# Best/Favorite Flats Skiff



## sparrfish (May 14, 2007)

whats the best flats skiff in your opinion if money was no option
Ranger Banshee, Maverick Mirage, Beavertail B2, East Cape Canoe Company Lostmen, or another not listed


----------



## Tony Moore (Nov 3, 2007)

I don't know much about the boats on your list but I love my 14.5 Cat from Shoalwater.


----------



## Wading Mark (Apr 21, 2005)

If money is no object, Lake and Bay is untouchable IMHO.


----------



## Stuart (May 21, 2004)

There is really no answer to this, but you have a good list going there. I'm biased towards Beavertail of course. Left off your list is Hells Bay (back in business), Lake and Bay 17 footer, Yellowfin 17 footer, Stiffy Exile and Glades Craft to name a few. Also East Cape has the new Caimen out that looks promising, albeit a tad smaller than I would prefer. 

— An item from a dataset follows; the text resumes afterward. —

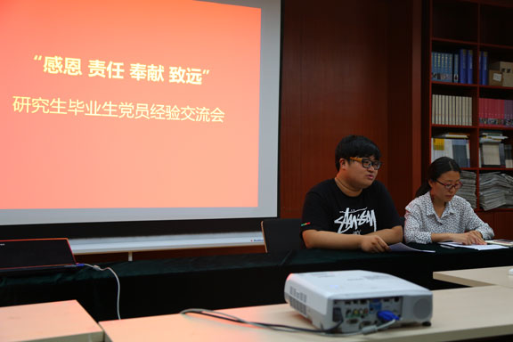 為充分發(fā)揮優(yōu)秀畢業(yè)生黨員的先鋒模范作用,引導(dǎo)學(xué)生黨員與入黨積極分子做好學(xué)業(yè)和職業(yè)規(guī)劃,6月14日下午,研究生黨支部在研究生學(xué)術(shù)活動室開展了以“感恩 責(zé)任 奉獻 致遠”為主題的畢業(yè)生黨員經(jīng)驗交流會,黨支部全體黨員和入黨積極分子參加了此次活動。 交流會上,三位畢業(yè)生黨員結(jié)合自己的學(xué)習(xí)和入黨經(jīng)歷,分別講述了在大學(xué)期間如何發(fā)揮黨員先鋒模范作用。肖灑學(xué)長就作為學(xué)生干部如何更好的開展學(xué)生工作,及處理好學(xué)習(xí)與工作的關(guān)系進行了詳細的介紹,鼓勵大家注意培養(yǎng)各方面的能力,要樂于奉獻,勇于擔(dān)責(zé);郭芹學(xué)姐則與大家分享了她求職中的心路歷程,并介紹了在畢業(yè)論文撰寫方面的經(jīng)驗,告訴大家要提前做好規(guī)劃,多與導(dǎo)師溝通,做研究要踏實、勤懇和創(chuàng)新;秦路芳學(xué)姐以回顧研究生三年生活的方式,講述了自己思想的不斷變化和成長,提醒我們要講黨性、重品行、起模范帶頭作用,傳遞他人以正能量。 本次經(jīng)驗交流會不僅端正了在場同學(xué)作為黨員或積極分子在學(xué)習(xí)生活中的態(tài)度,更使與會學(xué)生明白了把握現(xiàn)在、規(guī)劃人生的重要性。
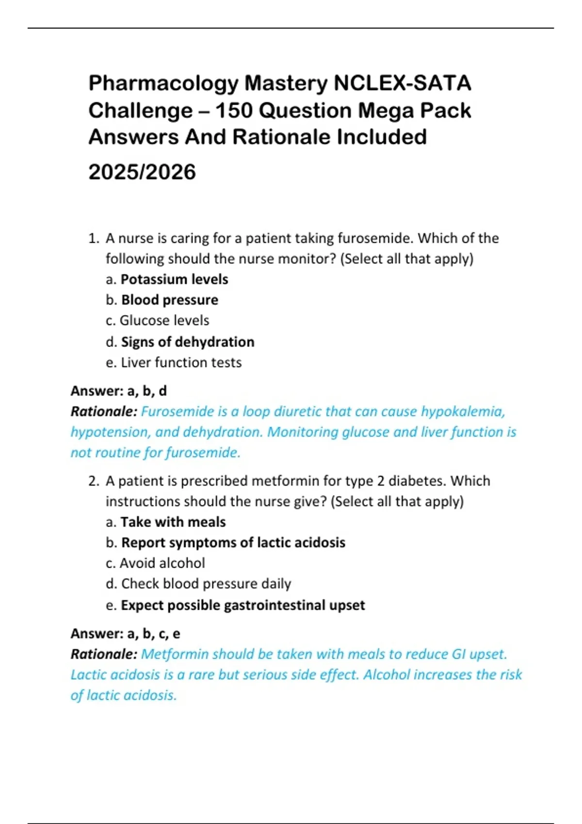 Pharmacology Mastery NCLEX-SATA Challenge – 150 Question Mega Pack Answers And Rationale Included 2025/2026

For a technical poling skiff, money no object, Hells Bay Guide 18, but if you're like a lot of folks and money has some meaning, Beavertail.


----------



## Capt Mike Cook (Apr 19, 2005)

I'd put my Maverick HPX-T up against any of them. I've fished (and poled )from a lot of technical poling skiffs and would not trade the HPX-T for any of them.


----------



## Animal Chris (May 21, 2004)

My favorite is one that someone else owns and has been kind enough to invite me out for a trip, preferably with them poling.


----------



## beavertailrep (Apr 19, 2007)

I guess I would have to say I'm partial to the Beavertail since they have put one in my hands and I have a stake in each one sold here in Texas. I've also had the opportunity own and/or operate many that have been mentioned. The question here is too vague in my opinion. How about poling ability, zero hull slap, draft, hole shot, storage, smoothness and dryness of ride, construction & finish, options, customer service from mfg. Price shouldn't always jurisdict which is the best product. Like I always say "Just try before you buy."


----------



## Stuart (May 21, 2004)

Look for something new "soon" from Beavertail as well.


----------



## Gottagofishin (Dec 17, 2005)

Stuart said:


> Look for something new "soon" from Beavertail as well.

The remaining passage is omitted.